====== Data below ======

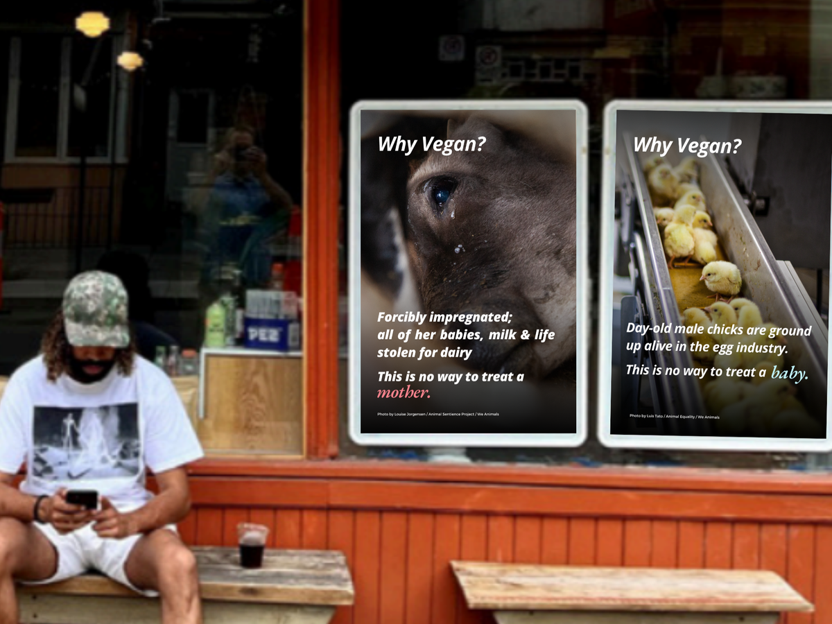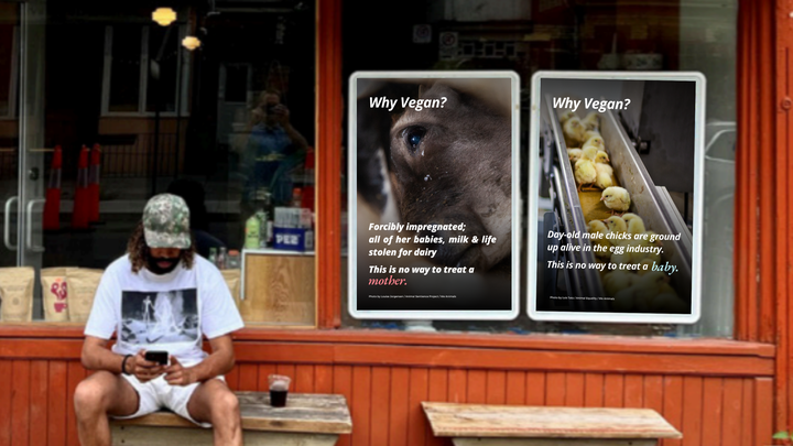 We’re raising $2,300 to place 20 powerful vegan storefront ads across Toronto that expose the hidden suffering in the meat, dairy, and egg industries.
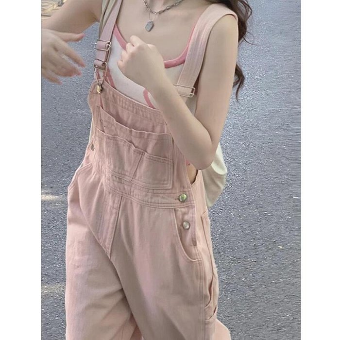 優寶購物《ubao.Tw》特貨品商城,黑貓宅配,取貨付款,粉色牛仔抱 袋褲女夏季新款小個子寬鬆復古休閒直筒工裝淺色連身褲 | Yahoo拍賣
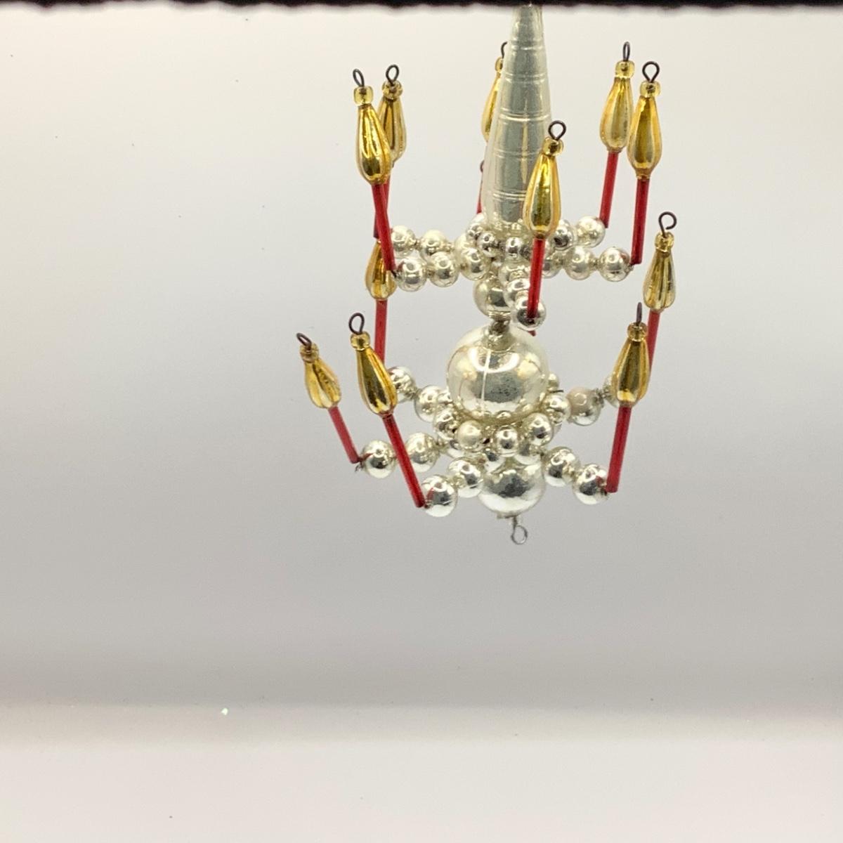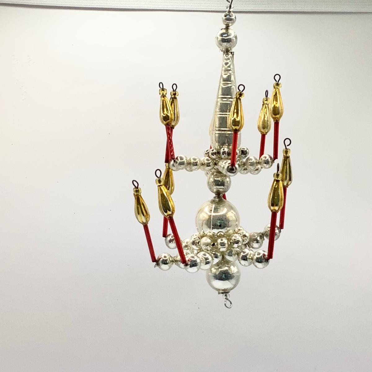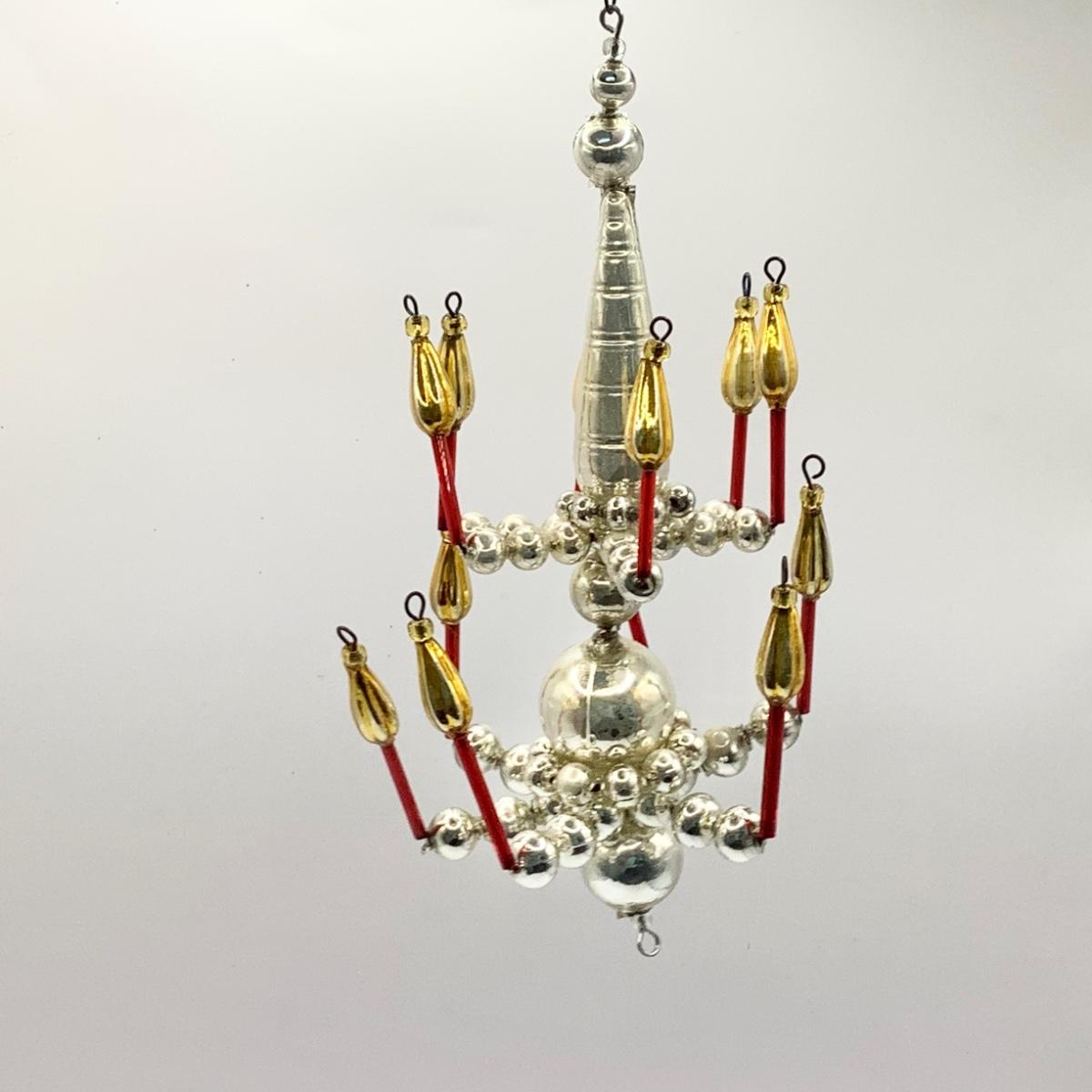 Lot 1432. Vintage Christopher Radko Glass Ornament, Silver Beaded Chandelier

======

**Task prompt:** Please give again only those lines that run from the one containing "優寶購物《ubao.Tw》特貨品商城,黑貓宅配,取貨付款,粉色牛仔抱 袋褲女夏季新款小個子寬鬆復古休閒直筒工裝淺色連身褲 |" through the final line of the listing, both included, exactly as written and without pictures.

**Answer box:**
 優寶購物《ubao.Tw》特貨品商城,黑貓宅配,取貨付款,粉色牛仔抱 袋褲女夏季新款小個子寬鬆復古休閒直筒工裝淺色連身褲 | Yahoo拍賣
 Lot 1432. Vintage Christopher Radko Glass Ornament, Silver Beaded Chandelier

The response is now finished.